WHERE: Wilmette, Kenilworth

WHAT: villages, parks, school districts

Updated: February 19, 2013 12:23PM

WILMETTE — Officials who peered into 2013 at the end of 2012 said their “to-do” lists this year will include managing development and building projects, guarding public safety and the public purse, and keeping a wary eye on Springfield all the while.

“This will be one of the busiest years we’ve had recently,” Wilmette Park District President Jim Brault said, with administrators juggling four separate projects.

First, the district will shut its Centennial ice rinks down between April and the end of August to do a $2 million upgrade of the complex’s refrigeration and HVAC systems. Then the Wilmette Golf Course is set to close in August and reopen in 2014 after its $2 million upgrade, Brault said.

The district may also build a four-court paddle tennis facility at West Park for at least $1.2 million, he said, and officials also hope to complete the district’s long-mulled Lakefront Master Plan this year.

Wilmette School District 39 Superintendent Raymond Lechner said science will be big in 2013; both completing the expansion of Wilmette Junior High School’s science facilities, and completing the five-year phased rollout of the district’s new science curriculum.

District administrators will expand Mandarin Chinese education availability, currently open to fifth grade students, to sixth grade classes, Lechner said. They will also continue to gearing up for changes in core education standards set for 2014,

More worrisome is the potential shift of teachers’ pension liability from the state to local districts, he said: “How we would pay for that is my prime concern.”

Wilmette Village President Chris Canning said how Springfield legislators decide to handle its public safety pensions will also affect local governments.

“Every day that (public safety pension reform) doesn’t occur has a short and long term impact on the village’s financial situation,” he said.

Even a change in teachers’ pensions impacts the village, because “It puts a greater burden on our residents, making it harder for all of us to raise the funds we need to deliver services residents expect us to provide,” Canning added.
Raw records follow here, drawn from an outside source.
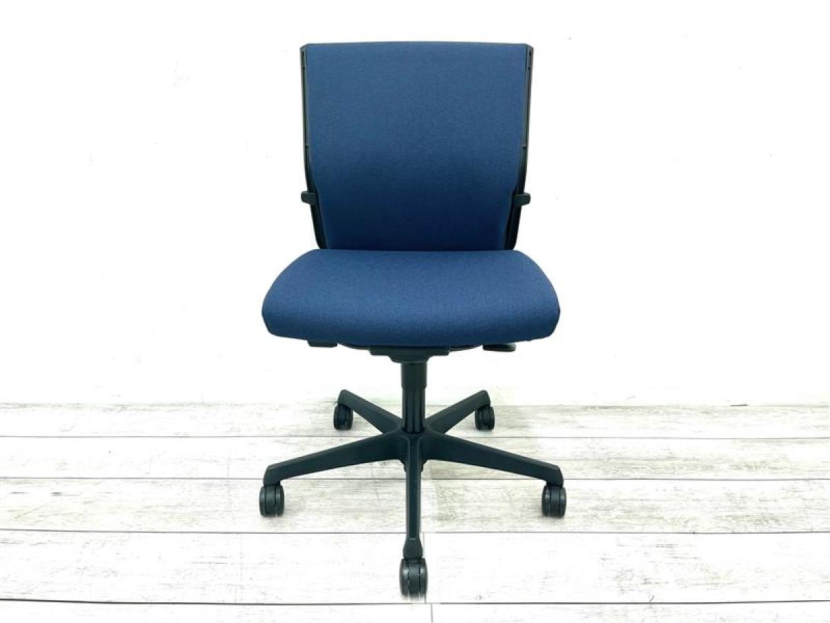 【在庫入替セール品】長時間のデスクワークもランバーが快適にサポート!】■okamura(オカムラ)製 エスクードチェア ローバック ■肘無 ■色:ダークブルー【弊社使用欄:A01030477】
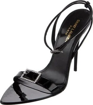 Saint Laurent Patent Leather Slingback Sandals Black Crystal Embellishments Buckle Closure at Ankles Includes Dust Bag Fit: Sandals by Saint Laurent typically run small, consider taking a half size up Read more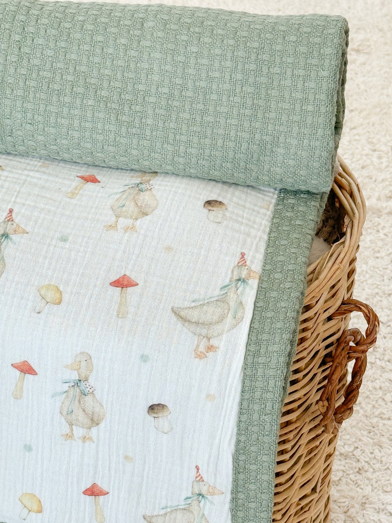 • One side features 100% cotton waffle, the other side is 100% cotton, 2-layer double gauze muslin — both breathable and baby-soft.
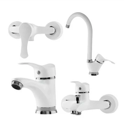 ست چهار تیکه شیرآلات تبسم مدل آتریس سفید کروم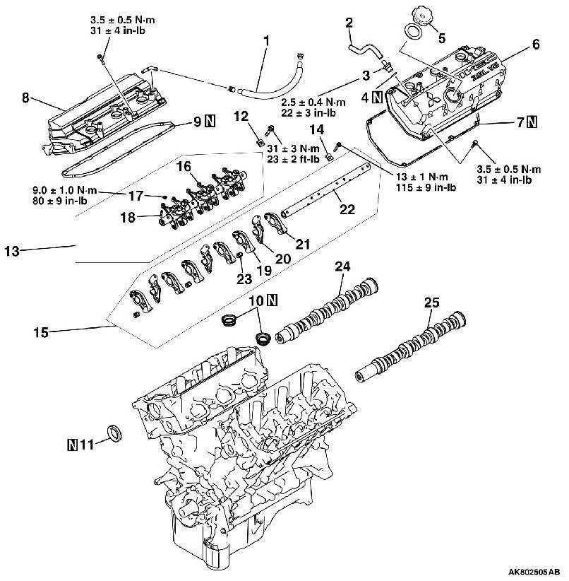6. Tighten the intake rocker arm shaft bolts to the specified torque of 13±1 Nm (115 ± 9 in-lb).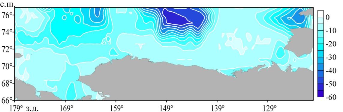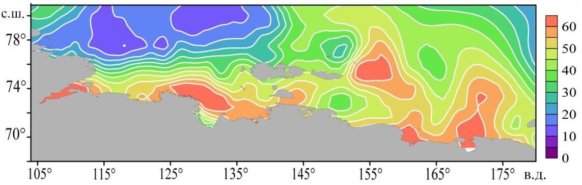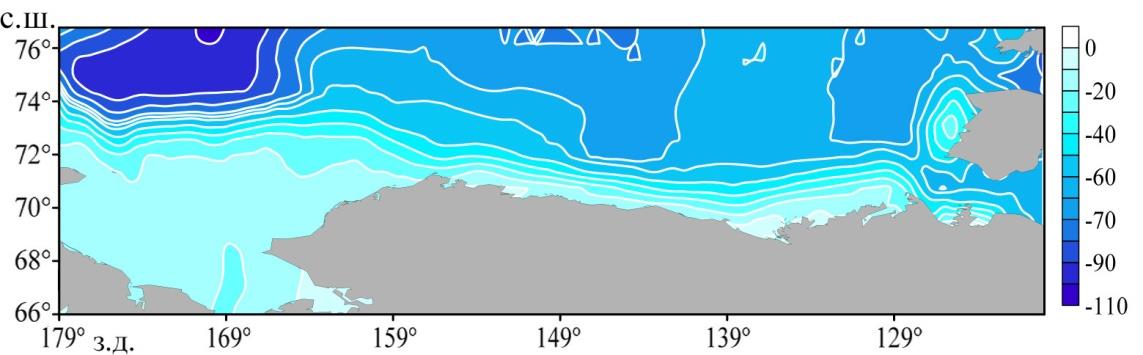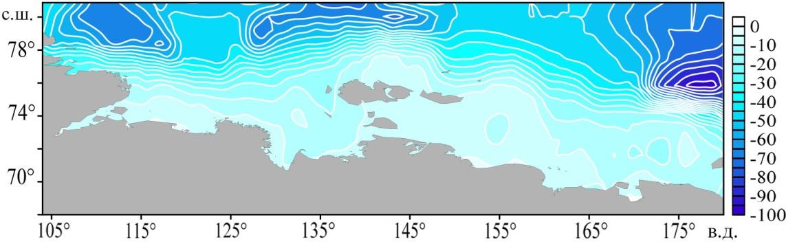 Рис. 14. Среднемноголетнее распределение глубины залегания максимума амплитуды вертикальной составляющей скорости первой моды ВВ (м) в морях Чукотском и Бофорта в июле, λ = 1000 м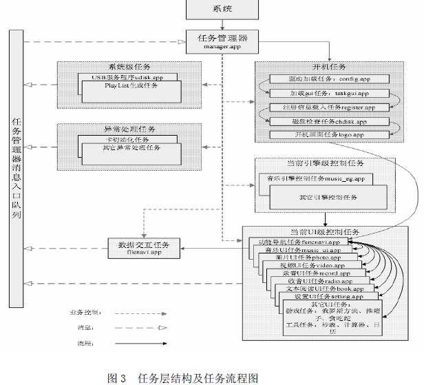 ATJ2135采用μCOS-Ⅱ操作系统进行软件移植设计。μCOS-Ⅱ是一个源代码公开的嵌入式实时操作系统,具有小内核、多任务、丰富的系统服务、容易使用等特点并且非常稳定、可靠。而由于其极小的内核,就特别适用于对程序代码存储空间要求极其敏感的嵌入式MP3应用系统开发。本系统采用可剥夺型多任务内核,其任务层设计及任务流程如图3所示。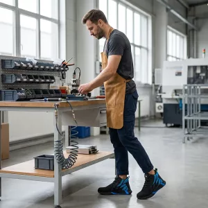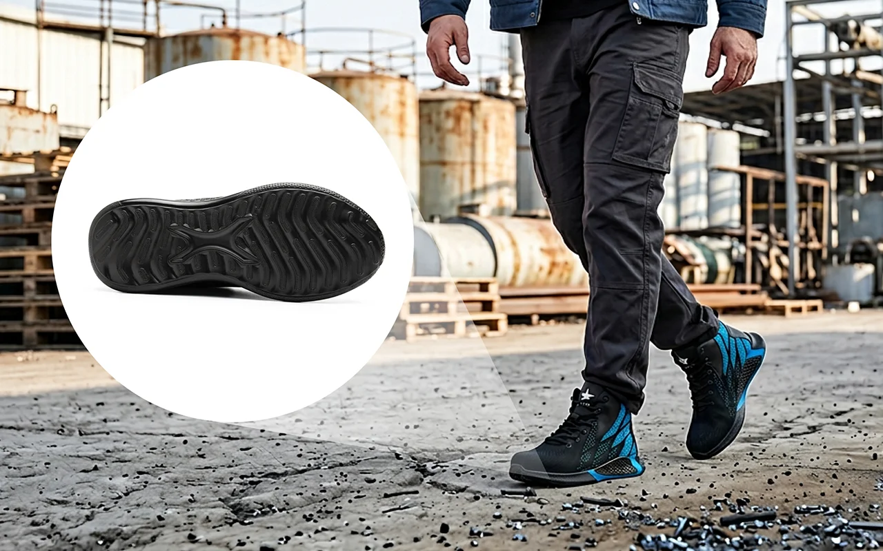 Ortorex-Sneaker verwenden profilierte Sohlen, die auf nassen, öligen Werkstattböden greifen. Sicherer Stand reduziert gefährliche Ausrutscher und hilft Arbeiterinnen und Arbeitern, sich schneller und selbstbewusster zu bewegen.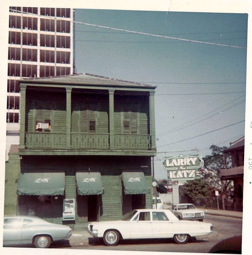Two years ago I wrote of Al Hirt, famed New Orleans trumpeter and bandleader, owning a bar on Bourbon Street in the 60’s, and that I was sure that I had been in it at some point while serving in the Air Force nearby. My favorite watering hole, however, was Larry & Katz (pictured), an establishment a few blocks away from the French Quarter, where only white patrons were allowed inside. Everyone else had to drink outside on the sidewalk in front of the bar. That wasn’t my attraction to the place; that’s just the way it was all over Louisiana in 1967.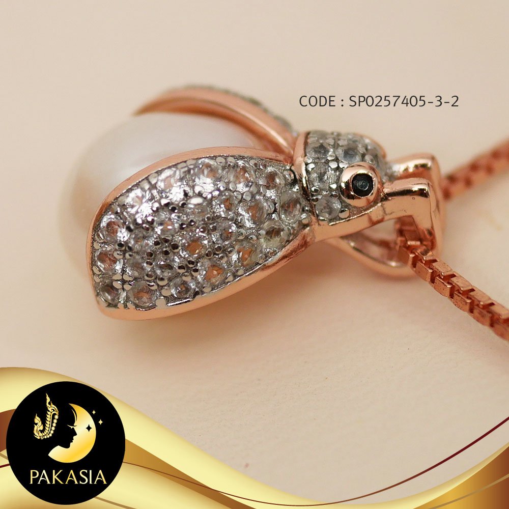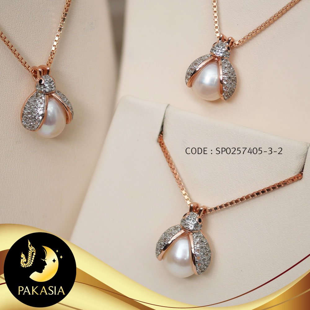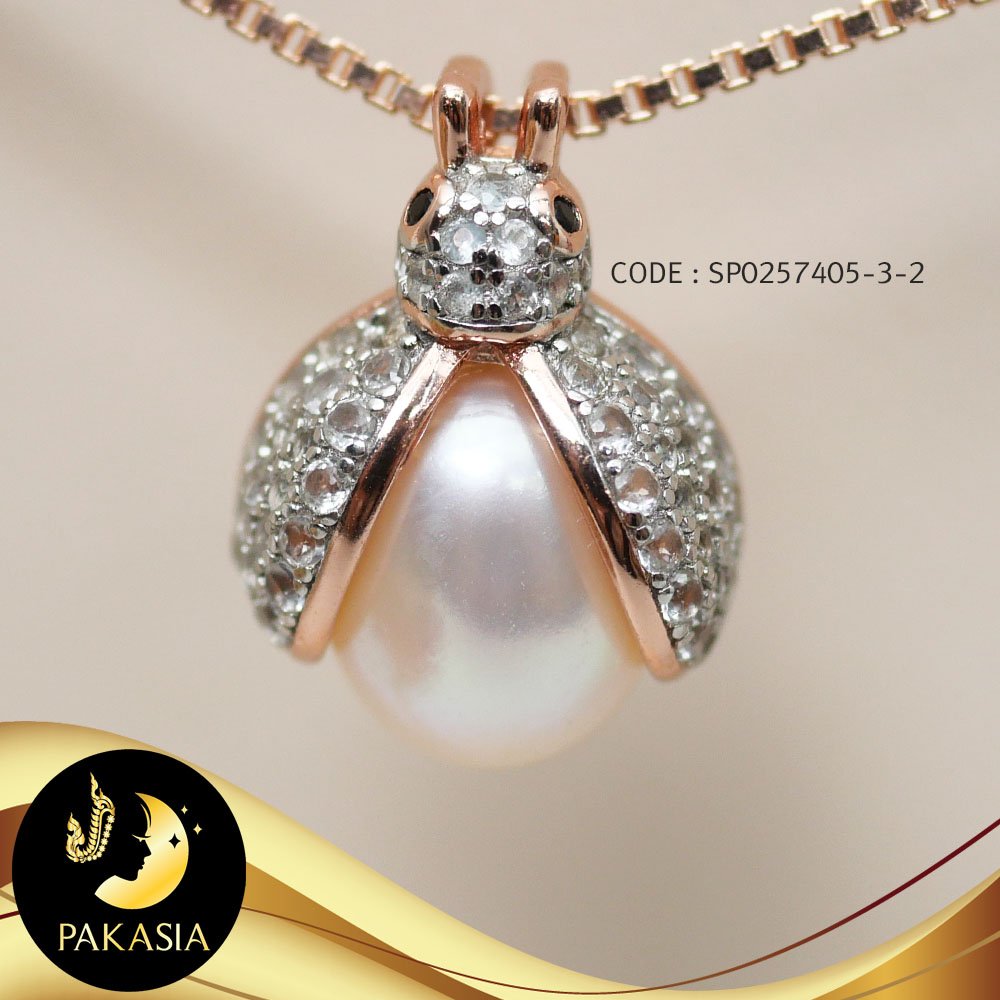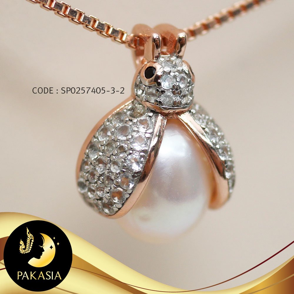 จี้มุกแมลงเต่าทอง มุกสีขาว ทรงหยดน้ำ ขนาด 8 mmเกรด AA+ ตัวเรือนแมลงเต่าทอง เงินแท้ 92.5 ชุบ Pink Gold ประดับพลอยแท้ White Topaz เม็ดมุกมีรอยธรรมชาติ ±5% สินค้าทุกชิ้นมีใบรับประกันมุกแท้ (Certificate of Guarantee) เม็ดมุกแต่ละเม็ดมีลักษณะเฉพาะตัว อาจมีรูปทรง ขนาด และสีต่างกันเล็กน้อย จากภาพโฆษณา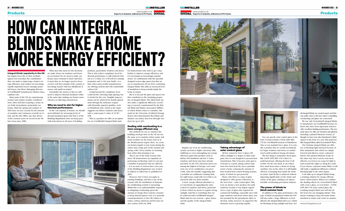 Integral blinds’ popularity in the UK has largely been due to their aesthetic appeal, but nowadays the contribution they can make to improving a home’ s energy efficiency and comfort are becoming equally important factors amongst potential buyers. Ian Short, Managing Director of Uni-Blinds ® manufacturer Morley Glass, explains why.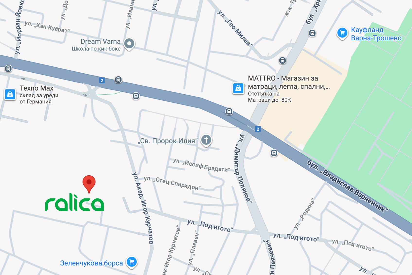 Адрес: Склад 1 - ул. „Академик Игор Курчатов“ 1, 9009 Варна, Зеленчукова борса (виж на картата). Склад 2 - ул. „Девня“ 16, 9000 Южна промишлена зона, Варна (виж на картата)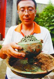 就在記者將要發(fā)稿時,考古工地又傳來消息,在8月9日最新發(fā)掘的一座漢墓中,出土了幾件重量級文物:1件銅薰爐、1件鐵鼎和5個陶罐,另外在腐爛的棺木下面 還發(fā)現鋪有一層漢代五銖錢,其中最為珍貴的是銅薰爐。銅薰爐分為上下兩部分,上為薰爐,鏤空,有花紋;下為一圓形銅盤,直徑大約有30厘米,薰爐與銅盤可 以對插,連接后成為完整的銅薰爐,高度約為20厘米。

Outside of pension and revenue uncertainties, however, Canning said Wilmette can look forward to positive developments this year. That includes the start of construction on the proposed Marriott Hotel in west Wilmette, and progress on the multi-story commercial-residential project proposed for 611 Green Bay Road.

At least one change is in the works for the village’s police department, Police Chief Brian King said. Its communication center, which has been in operation since 1968, will get a new radio console and 911 emergency system. The new console will replace one purchased in 1991. The current 911 phone system has been in operation since 1992.

King said his department will also step up its heroin education and awareness programs this year, in the face of increasing heroin-related police activity.

In neighboring Kenilworth, village officials will work this year to determine how best to upgrade aging infrastructure without the financial flexibility of home rule status, Village Manager Patrick Brennan said.